Artificial Intelligence (AI)
Broadly speaking, AI is the intelligence of machines. AI includes computer techniques that mimic human cognitive functions, such as learning and problem solving. A common example of AI is IBM’s Watson, a computer system capable of answering questions posed in natural language that soundly defeated two notable Jeopardy! champions in 2011.
For eDiscovery purposes, AI is an “umbrella term for computer methods that emulate human judgment,” including “machine learning,” according to the Grossman-Cormack Dictionary of Technology-Assisted Review. Machine learning uses “a computer algorithm to organize or classify documents by analyzing their features.”
Technology-Assisted Review (TAR)
TAR is perhaps the most confusing of these terms, mainly because it goes by so many other names, including “computer-assisted review,” “content-based advanced analytics,” or simply “assisted review.” TAR is properly viewed as a broad term for any document-classifying technology that is integrated into the process of human document review, and relies upon an algorithm to evaluate files based on the similarity of their content. It thus technically also includes analytics such as e-mail threading, concept clustering, and near-duplicate detection (and, of course, predictive coding, discussed below).
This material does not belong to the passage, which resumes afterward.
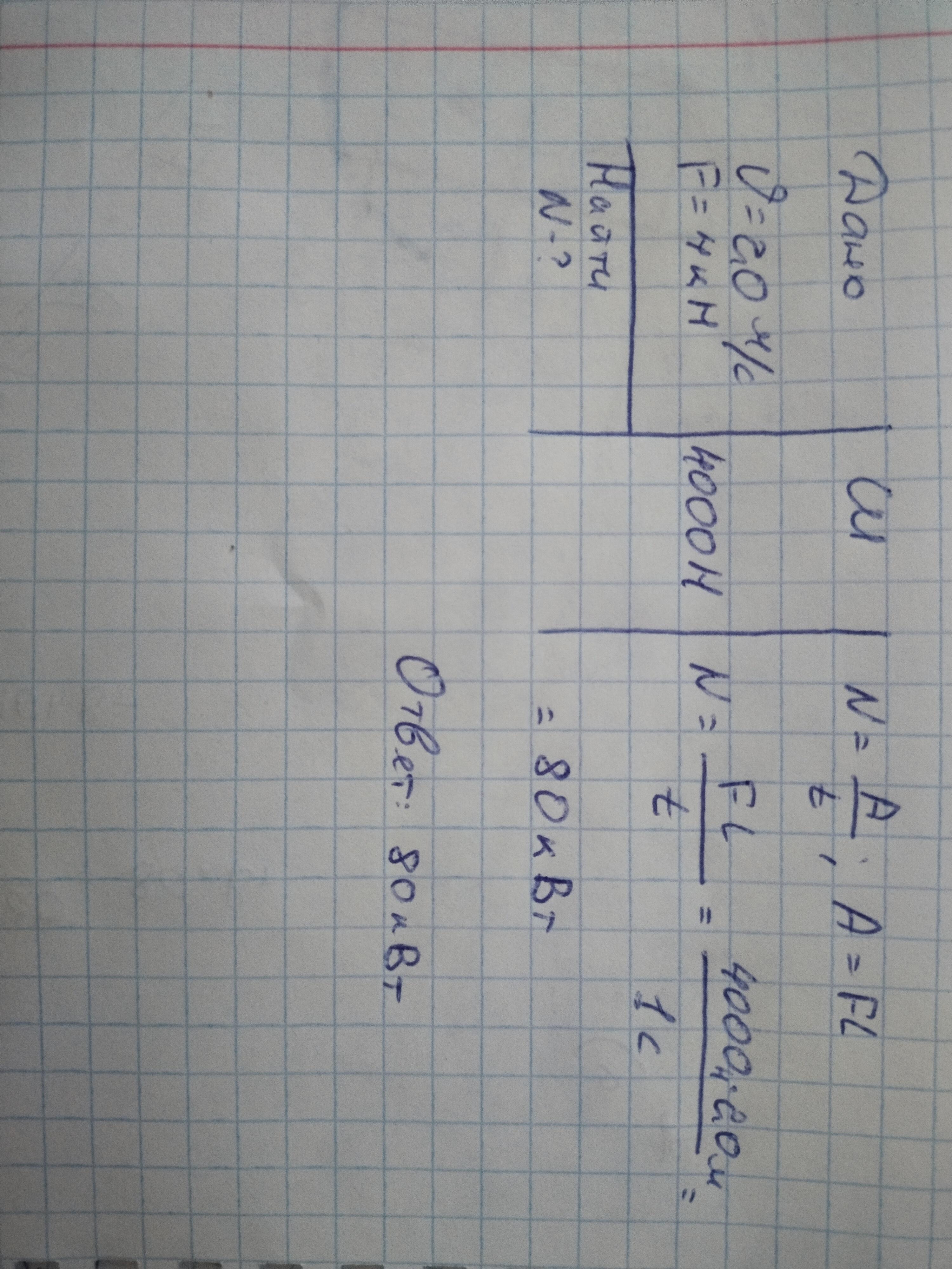 P = FV = 4 000 Н * 20 м/с = 80 кВт.

While the origins of this term are not quite clear, an early reference appears in a 2010 study, “Document Categorization in Legal Electronic Discovery: Computer Classification vs. Manual Review,” which was among the first to suggest that the accuracy of “computer-assisted categorization processes” could rival that of human review. A 2011 study, “Technology-Assisted Review in E-Discovery Can Be More Effective and More Efficient Than Exhaustive Manual,” specifically referenced TAR and was the first to suggest that this technology surpassed the former “gold standard” of human review in both effectiveness and cost.
The narrowest of the three terms, predictive coding is part of the TAR toolkit; it merges human judgment with artificial intelligence. Predictive coding uses a machine learning algorithm to study a subject matter expert’s tagging of a training set of documents—a small sample taken from the collection—and then uses what it learned from the expert to classify documents according to their likely relevance.
The first judge to endorse predictive coding’s use was U.S. Magistrate Andrew J. Peck of the Southern District of New York, who wrote that it “appears to be better than the available alternatives, and thus should be used in appropriate cases” in the 2012 “Da Silva Moore v. Publicis Groupe” opinion. (Note: Judge Peck referred to predictive coding as “computer-assisted review.”)
What Does the Rise of the Machines Mean for eDiscovery?
There is no dispute that these approaches make eDiscovery simpler, faster, and more cost-effective. However, no matter which eDiscovery tool legal teams choose , its success still comes down to one thing: the humans behind the machines. Despite the sophistication of their algorithms, computers still lack the analytical and strategic abilities of seasoned eDiscovery practitioners. Without a human expert to meaningfully evaluate potential strategies and customize the tools to the situation at hand, technology may—at best—lend efficiency to a project but little more.
In short, the performance of computer-based eDiscovery tools still has a ceiling defined by the expertise of the people deploying them.